Aquí en este punto se produce un alejamiento radical del rito de las otras ofrendas. Los restos del novillo eran sacados fuera del campamento y quemados allí. Creemos que éste es simplemente un énfasis en la excesiva maldad del pecado. El animal era la ofrenda por el pecado - no había aquí ningún pensamiento de consagración ni de significado de la persona de Cristo. Más bien, era Cristo, el que llevaba el pecado, El que sería hecho pecado por nosotros. El significado más profundo se presenta en Hebreos 13:10-14,

Nosotros tenemos un altar del cual no tienen derecho a comer los que sirven al tabernáculo. Porque los cuerpos de aquellos animales, cuya sangre es llevada al santuario por el sumo sacerdote como ofrenda por el pecado, son quemados fuera del campamento. Por lo cual también Jesús, para consagrar al pueblo mediante su propia sangre, sufrió la muerte fuera de la puerta de la ciudad. Así pues, salgamos con Jesús fuera del campamento, y suframos la misma deshonra que El sufrió. Porque no tenemos en este mundo una ciudad permanente, sino que buscamos la que está por venir, la ciudad eterna. Este es, pues, el significado de esa parte del animal que tenía que ser quemado fuera del campo. En nuestro próximo programa continuaremos con el Tema de los pecados de la congregación.

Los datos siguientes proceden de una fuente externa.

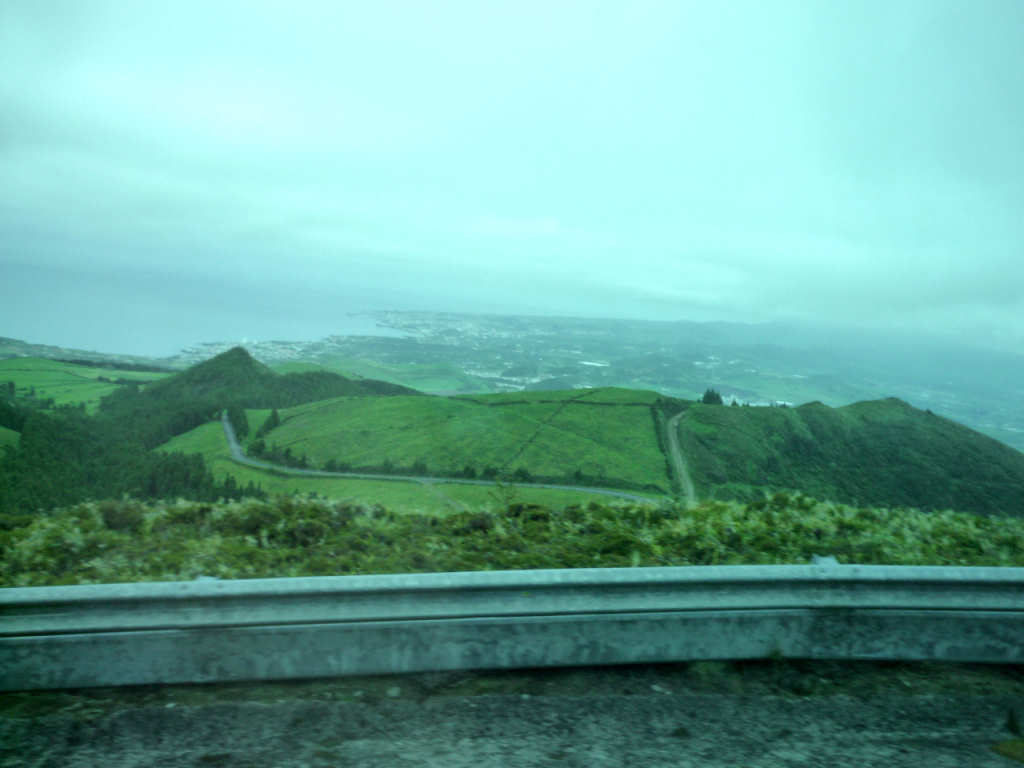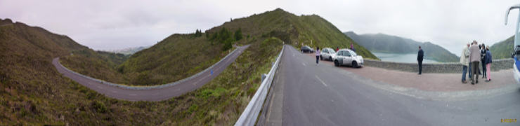 Panorâmica da estrada e Lagoa do Fogo. Clicar para ampliação e exploração da imagem.

Reflexionemos bien en estas palabras de la Biblia. La religión nunca podrá satisfacer el corazón ni las demandas de un Dios que es Santo. Solo la muerte de Jesús en la cruz puede proveernos el perdón de nuestros pecados. Porque somos pecadores por naturaleza y no somos apropiados para residir en el cielo. Pero Dios nos amó tanto que envió a Jesucristo para hacerle pecado por nosotros, tratándole como al pecado mismo. Estimado oyente, no trates de resolver el problema de tu pecado de cualquier otra manera que no sea volviéndote a Cristo y confiando en El. El es suficiente y adecuado. El satisfará la necesidad más profunda de tu corazón y de tu alma. Solo El puede ofrecerte el perdón de tu pecado. La muerte de Cristo en la cruz llevando la carga de nuestros pecados constituye la única solución que existe ante el problema del pecado.